→ What is being asked: Below is a block of records: output all of them exactly and leave out the pictures.

▶

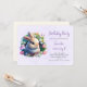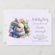 Una invitación de cumpleaños con una adorable ilustración. Un pequeño conejito marrón y blanco. Rodeado de hermosas flores de primavera.
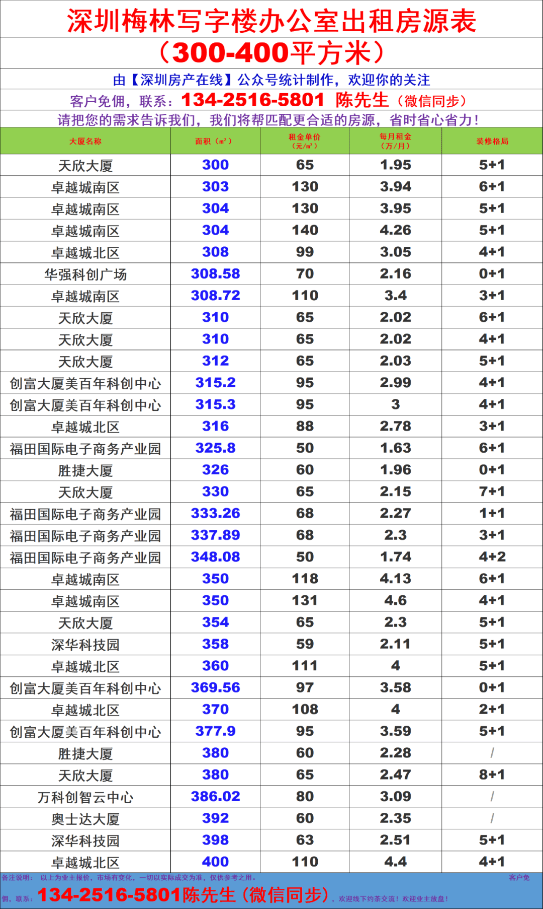 福田区梅林片区写字楼办公室出租房源信息表&租金价格表
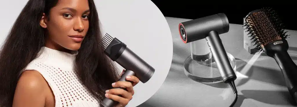 curly hair: choose a low temp and medium to high speed, with a diffusor. TYMO can help no matter your hair type, with a blow dryer for afro hair available
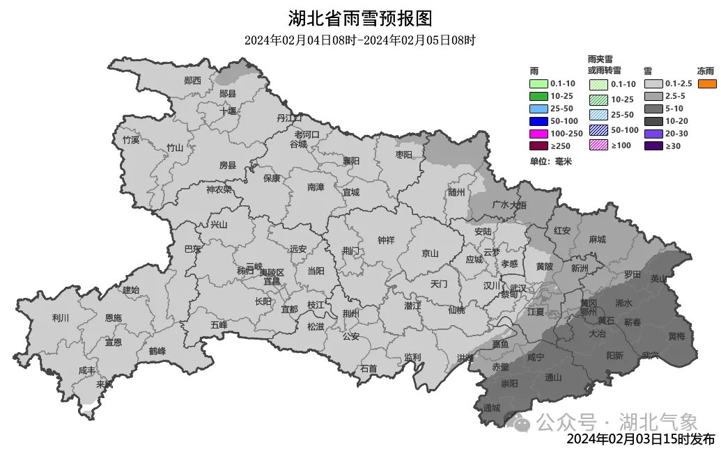 记者从湖北省气象局获悉,武汉中心气象台2月3日19时继续发布低温雨雪冰冻橙色预警:2月1日至3日白天,十堰、襄阳、神农架、宜昌、荆门、荆州西部、随州、孝感、天门、潜江、仙桃、武汉北部、黄冈西部已出现积雪,恩施、荆州东部、武汉南部、黄冈东部、咸宁、鄂州、黄石出现冻雨或冰粒,预计3日20时至4日20时,全省将出现降雪,最低气温≤-2℃,请注意防范。
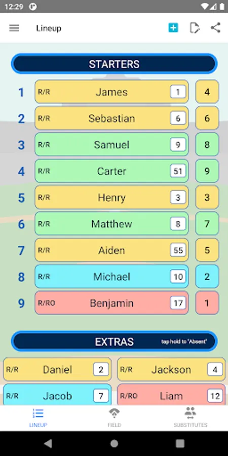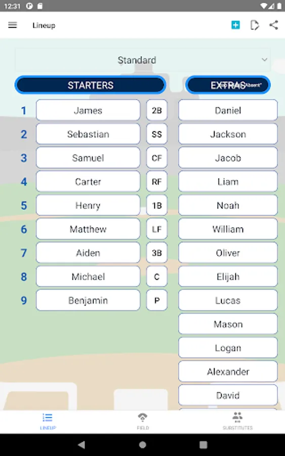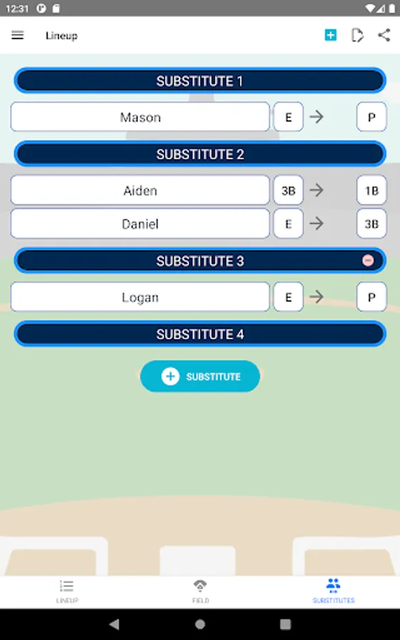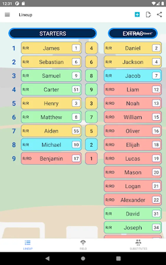 You can easily change the batting order and position. It can be displayed in lineup cards format and field format. You can also register for substitutes.

◀

→ Task result:
 Una invitación de cumpleaños con una adorable ilustración. Un pequeño conejito marrón y blanco. Rodeado de hermosas flores de primavera.
 福田区梅林片区写字楼办公室出租房源信息表&租金价格表
 curly hair: choose a low temp and medium to high speed, with a diffusor. TYMO can help no matter your hair type, with a blow dryer for afro hair available
 记者从湖北省气象局获悉,武汉中心气象台2月3日19时继续发布低温雨雪冰冻橙色预警:2月1日至3日白天,十堰、襄阳、神农架、宜昌、荆门、荆州西部、随州、孝感、天门、潜江、仙桃、武汉北部、黄冈西部已出现积雪,恩施、荆州东部、武汉南部、黄冈东部、咸宁、鄂州、黄石出现冻雨或冰粒,预计3日20时至4日20时,全省将出现降雪,最低气温≤-2℃,请注意防范。
 You can easily change the batting order and position. It can be displayed in lineup cards format and field format. You can also register for substitutes.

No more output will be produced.